# Dogwood



## DaveHawk (Apr 11, 2016)

Friend just stopped by with the chunk of dogwood. He asked if I wanted half. Well yaaaaa ! I too the upper half. The bottom half is for a bowl turner friend of his. 
I'm really wondering, should I stabilize before turning.

Reactions: Like 2 | Agree 1


----------



## Kevin (Apr 11, 2016)

Would take a biiiiiiiiiiiiig chamber to stabilize that.

Reactions: +Karma 1


----------



## duncsuss (Apr 11, 2016)

DaveHawk said:


> I too the upper half. The bottom half is for a bowl turner friend of his.


At first glance, I was thinking "what a generous person, leaving the bigger piece for somebody who turns bowls."

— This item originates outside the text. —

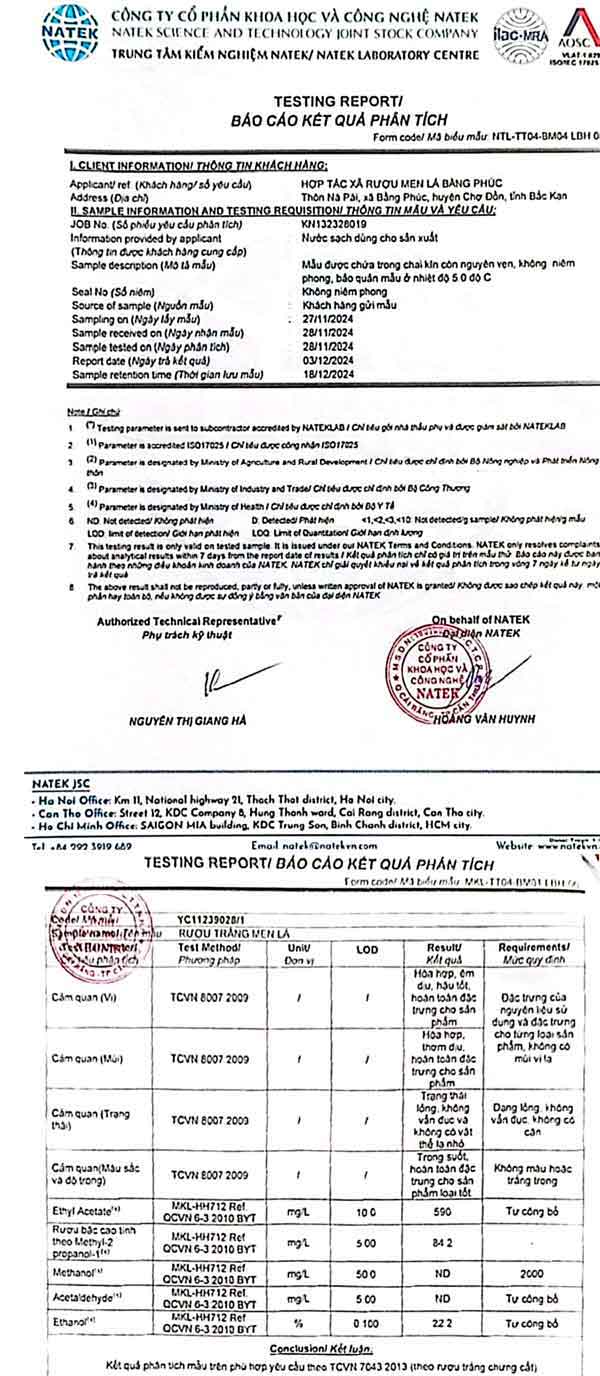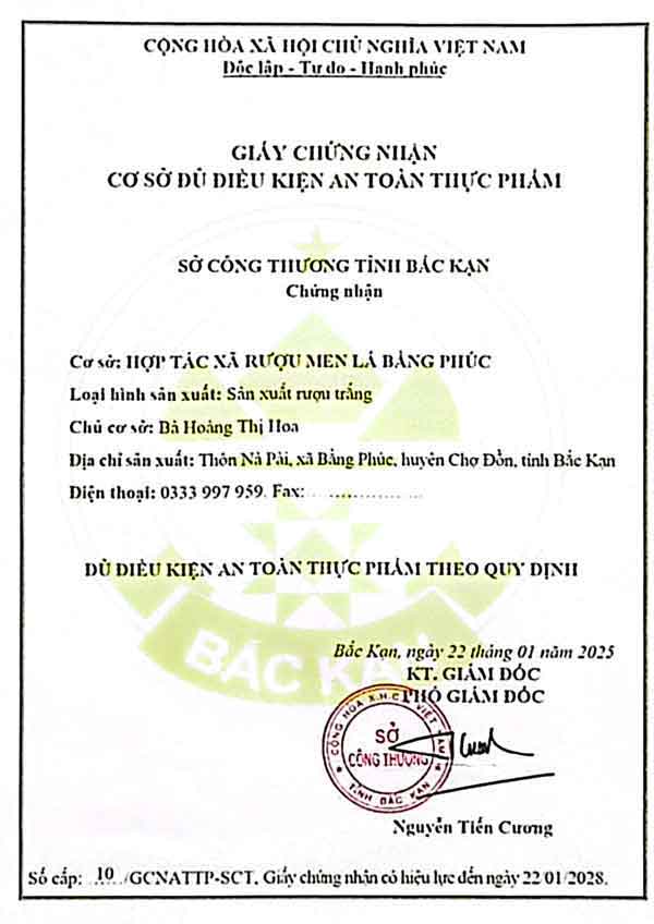 Rượu men lá Hợp Tác Xã Bằng Phúc có đầy đủ giấy phép bao gồm: giấy cơ sở đủ điều kiện vệ sinh an toàn thực phẩm, giấy kiểm định chỉ số an toàn và giấy chứng nhận sản phẩm đạt OCOP 4 Sao.
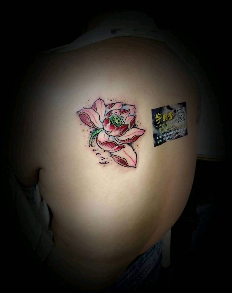 荷花纹身图片_传统原创宇刺青成品手稿纹身图案

Then I noticed the top end has a crotch.

Reactions: Funny 2


----------



## DaveHawk (Apr 11, 2016)

duncsuss said:


> At first glance, I was thinking "what a generous person, leaving the bigger piece for somebody who turns bowls."
> 
> Then I noticed the top end has a crotch.


That too. LOL


----------



## Mr. Peet (Apr 11, 2016)

I would say stabilize, based on the top view. The punk would likely tare off/out otherwise...

Reactions: Thank You! 1


----------



## DKMD (Apr 11, 2016)

I'd give it a spin... If it's too punky, you can always look into stabilizing. Depending on what you're looking to make, you may be able to work around any bad areas in the log and save the time/money.

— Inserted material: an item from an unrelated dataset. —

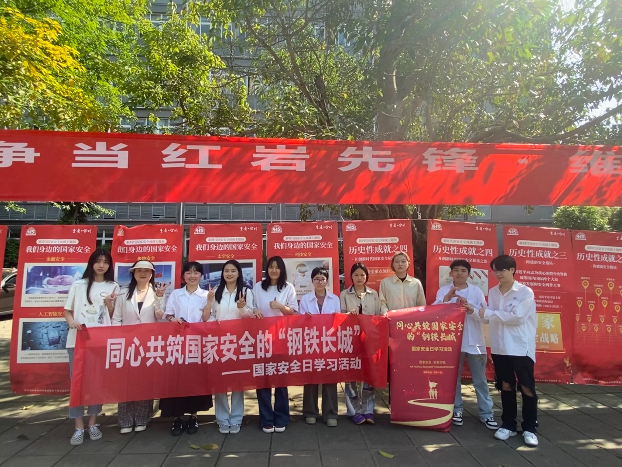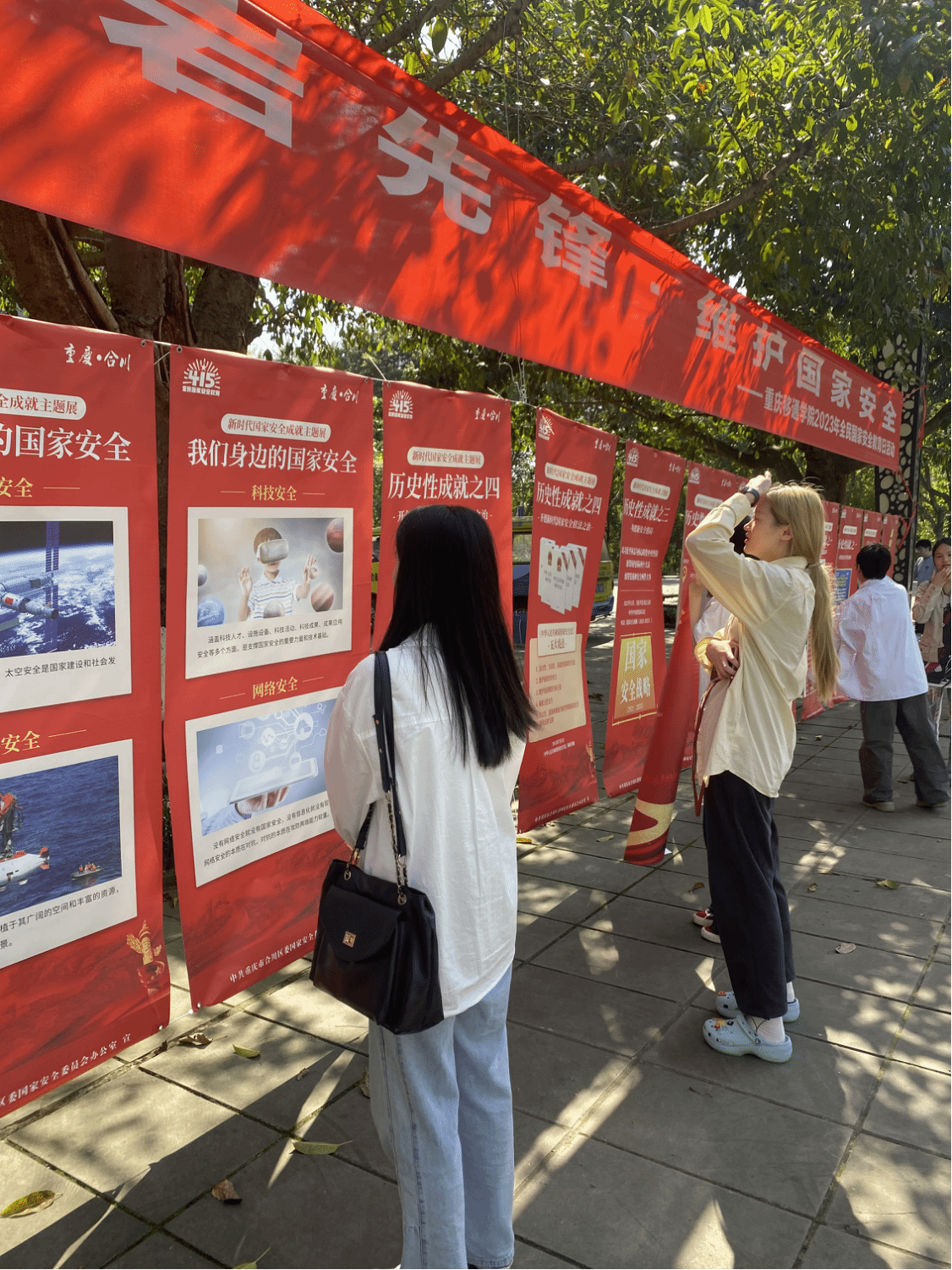 在学校的组织下,黄桷树广场设置了横幅和展板。展板上列出了我们的政治安全、太空安全、科技安全、深海安全等众多方面的安全,无一不体现出保证安全的前提是持党的绝对领导,确保国家安全工作牢牢掌握在以习近平同志为核心的党中央手里。

Reactions: Thank You! 1 | Agree 1


----------



## Nature Man (Apr 12, 2016)

Need to slice & dice a bit. Pics show what appears to be a little punk, but could be deceiving. I've not worked with dogwood, so I'm surely not the expert on it. Chuck

Reactions: Thank You! 1


----------



## DaveHawk (Apr 12, 2016)

I've always wanted to play with Dogwood but never had a piece large enough. Thanks


----------



## TimR (Apr 12, 2016)

Unless there's some pretty soft areas, dogwood is a very dense hard wood and won't take in much stabilizing, in my opinion. 
Definitely get it cut into suitable blanks, free of pith, and seal end grain to slow down drying. Keep out of sun, or it will figuratively explode...DAMHIKT. 
Looks like a very nice array of spalting and patterns in it...should yield some nice blanks.

Reactions: Like 1


----------



## DaveHawk (Apr 12, 2016)

TimR said:


> Unless there's some pretty soft areas, dogwood is a very dense hard wood and won't take in much stabilizing, in my opinion.
> Definitely get it cut into suitable blanks, free of pith, and seal end grain to slow down drying. Keep out of sun, or it will figuratively explode...DAMHIKT.
> Looks like a very nice array of spalting and patterns in it...should yield some nice blanks.



Tim this has been a standing dead tree for many years now from what I'm told. It was just taken down this past weekend.

Reactions: Like 1


----------